__ASSIGNED TASK__: Repeat exactly the stretch of lines that starts with the one containing "Figura. 3 Fracción" and ends with the last line of the material. Leave out pictures.

__SUPPLIED RECORDS__:
^^^^^^^^^^^^^^^^
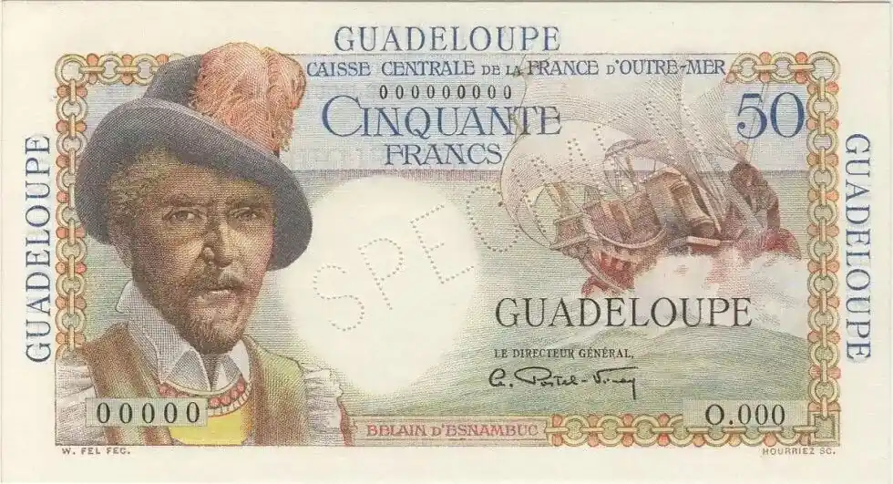 Billet Guadeloupe 50 Francs Belain d’Esnambuc – 1946 Spécimen Haute Qualité
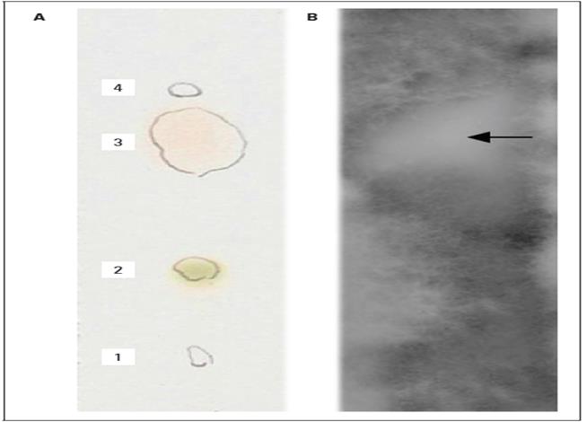 Figura. 3 Fracción activa del aceite esencial de L. origanoides. (A) fraccionamiento del aceite esencial mediante Cromatografía en Capa Fina, (B) fracción activa para R. solani.
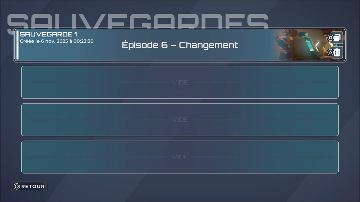« Sauvegarde« , accessible en appuyant sur S (PC) ou sur le pavé de votre manette DualSense (PS5).
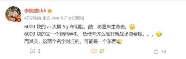 9月21日上午,在NIO IN 2023蔚来创新科技日上,蔚来正式发布了备受瞩目的手机蔚来NIO Phone。就在当天晚间,曾经担任过魅族科技副总裁、魅蓝品牌总裁等职务的李楠在社交平台上发文称,蔚来汽车负债率这么高,开阔新市场简直就是浪费钱,6000元的AI大屏5G车钥匙太酷了,彰显车主尊贵。
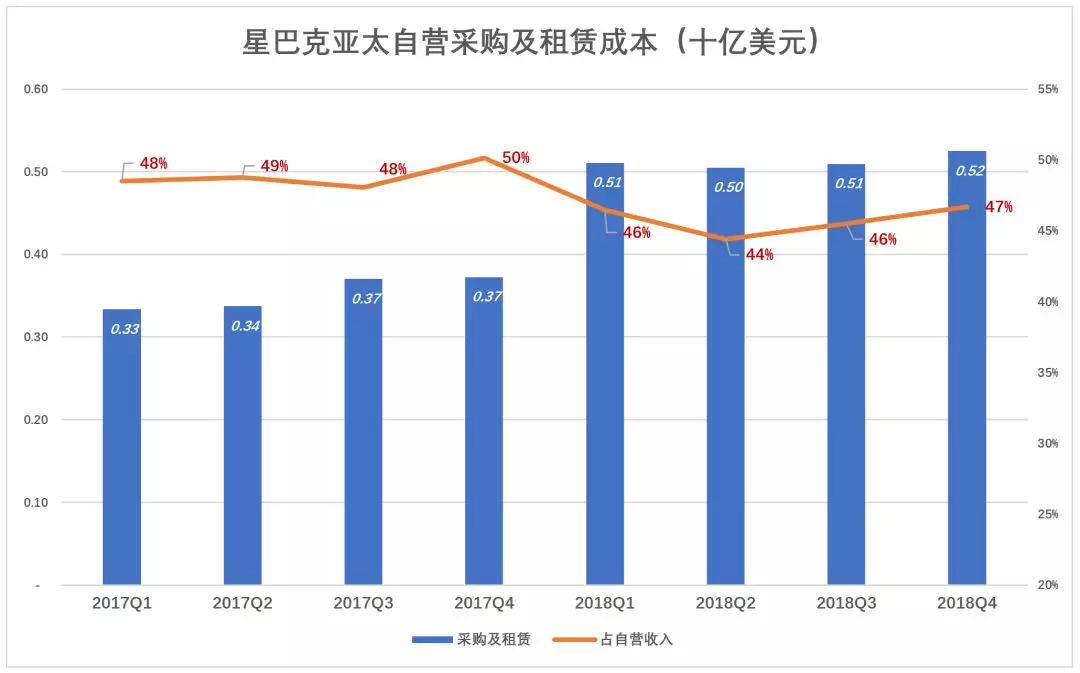 星巴克最重要的支出是原辅料、包装材料采构及自营门店租赁,财报将这几项支付归纳为cost of sales including occupancy costs。2018财年,此项成本首次超过100亿美元,占自营收入的51.7%。
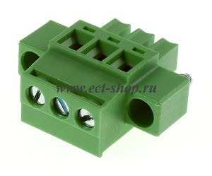 шаг: 3.81мм, пров: 1.50мм.кв, 300V, 8A, 3 конт., разъемн. розетка каб.вертик. кл. 180 град. к пров. с винт. фиксат., h = 19.00мм
^^^^^^^^^^^^^^^^
__RESULT__:
 Figura. 3 Fracción activa del aceite esencial de L. origanoides. (A) fraccionamiento del aceite esencial mediante Cromatografía en Capa Fina, (B) fracción activa para R. solani.
« Sauvegarde« , accessible en appuyant sur S (PC) ou sur le pavé de votre manette DualSense (PS5).
 9月21日上午,在NIO IN 2023蔚来创新科技日上,蔚来正式发布了备受瞩目的手机蔚来NIO Phone。就在当天晚间,曾经担任过魅族科技副总裁、魅蓝品牌总裁等职务的李楠在社交平台上发文称,蔚来汽车负债率这么高,开阔新市场简直就是浪费钱,6000元的AI大屏5G车钥匙太酷了,彰显车主尊贵。
 星巴克最重要的支出是原辅料、包装材料采构及自营门店租赁,财报将这几项支付归纳为cost of sales including occupancy costs。2018财年,此项成本首次超过100亿美元,占自营收入的51.7%。
 шаг: 3.81мм, пров: 1.50мм.кв, 300V, 8A, 3 конт., разъемн. розетка каб.вертик. кл. 180 град. к пров. с винт. фиксат., h = 19.00мм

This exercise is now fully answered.